Intelligence researchers have proven that humans possess a rich array of intelligence and capacities that are key measures of interpersonal and intra-personal intelligence. Both inter personal and intra-personal intelligence is required and essential to understand the relationship in marriage. The capacity to understand the other’s world in addition to one’s own is a quality by itself and is not easy to come by. Marriage is essentially an emotion-based understanding between two partners.
We have seen break downs of marriages especially in seemingly well settled high ranking families because of several irreconcilable differences. An onlooker would grope in the dark and speculate as to why should there be a necessity of breaking up when all material needs have been fulfilled. The query is not unfamiliar but the answer would get clarity when we consider that conflict in the mind that permeates to behavioral outlook. It is essentially created because of difference in personality approach and not because there has been anything wrong or deficient in the partner. It is the inability to quest for the hidden strengths in the opposite personality.
How do differences become opportunities? Remember the courtship period before marriage when one is looking for fresh dimensions in the others personality that is providing new thresholds to build upon the new relationship. In effect, it is keeping the relationship fresh. Deficiencies are being overlooked and there is renewed commitment on almost an everyday basis. There is hope and there is appreciation for each other.
As the couples travel in the journey of life together it becomes ever so important to develop the natural bent of motivation to stay together. Attuning to the values of loyalty, fidelity and compassion augments the approach to helpfulness, comfort, desire for safety and security for each other. There is objectivity to the reasons to be together.
However, break ups get drawn up when subjective judgment starts creeping in. There is a gradual loss of passionate attraction that leads to an uncaring and detached behavior. There is also another aspect quite hidden in the human mind and that is the aspect of intelligence quotient. One partner has an intellectual bent of mind and the other cannot fathom the depth of discussion. One feels that it is hopeless to talk about feelings and the other understands that it is futile to discuss principles. Discourse of any type is not generated and the silence is numbing to the extent the relationship reaches a state of amputation on account of extreme coldness towards each other. Basically, it is a feeler versus a thinker collision.

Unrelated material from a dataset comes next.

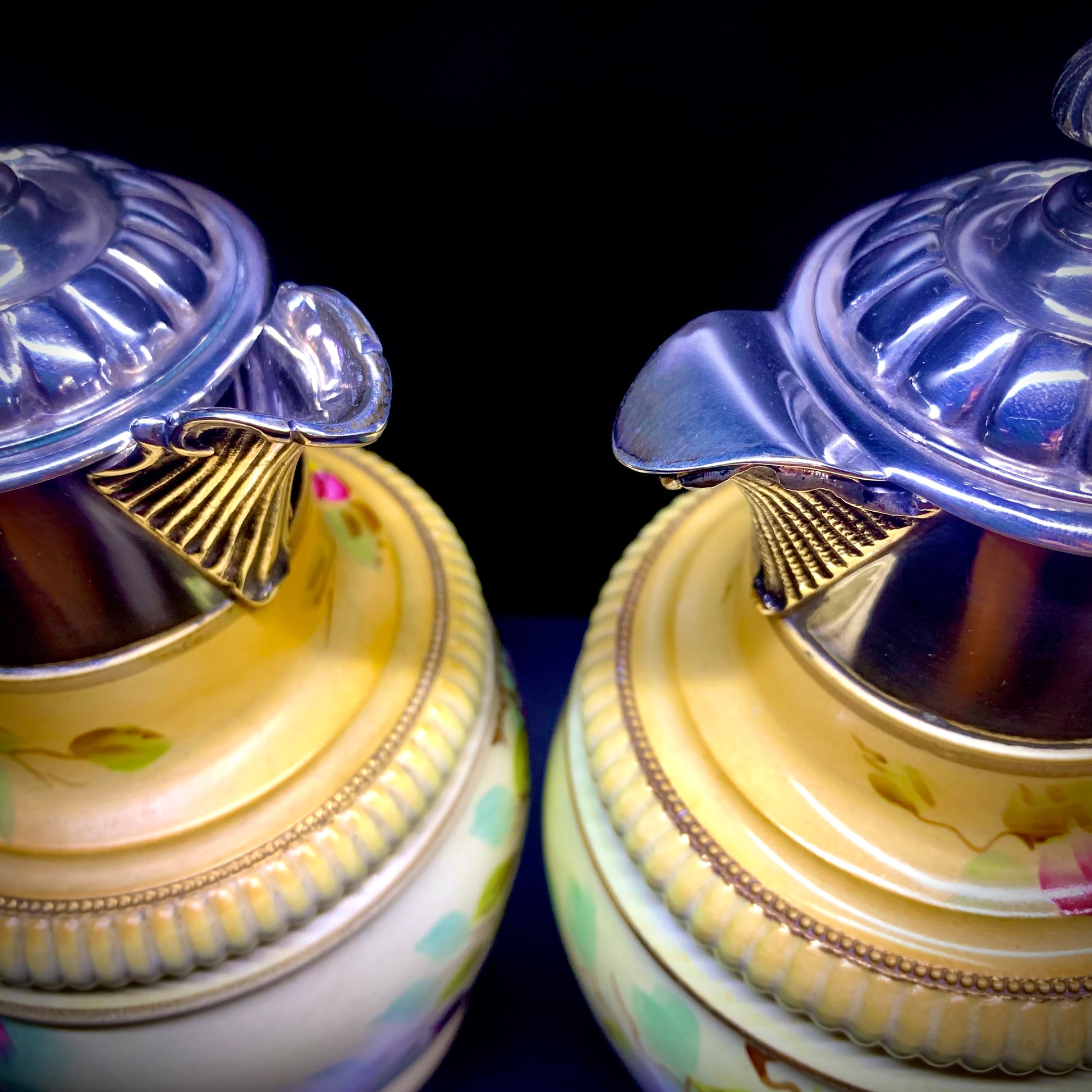 Antikes Paar handbemalter polychromer Keramikausgüsse, montiert auf einer Sheffield-Platte, im Wachsausschmelzverfahren hergestellt und von Hand gemeißelt.

Good news is that proficiency to sustain a good relation is embedded in every one of us as long as we have the feeling of respect for each other. When a couple recognizes that issues have crept in and it is advisable to split up than languish in a relationship which has nothing more to offer they have to make a choice expeditiously. Not suggesting that separation and divorce should be the first resort at the slightest sign of discord but should be the last resort after having considered all aspects under which the marital bonding had been cemented.
Whatever requires to be done must be done with integrity and courteousness and full control over how the argument is taken forward to its logical end. Just because a relationship is ending does not mean that it was not meant to be a long lasting one. Own the decision and focus on the other things to do with mature and mutual understanding. Make it a collaborative affair rather than a vengeful decision.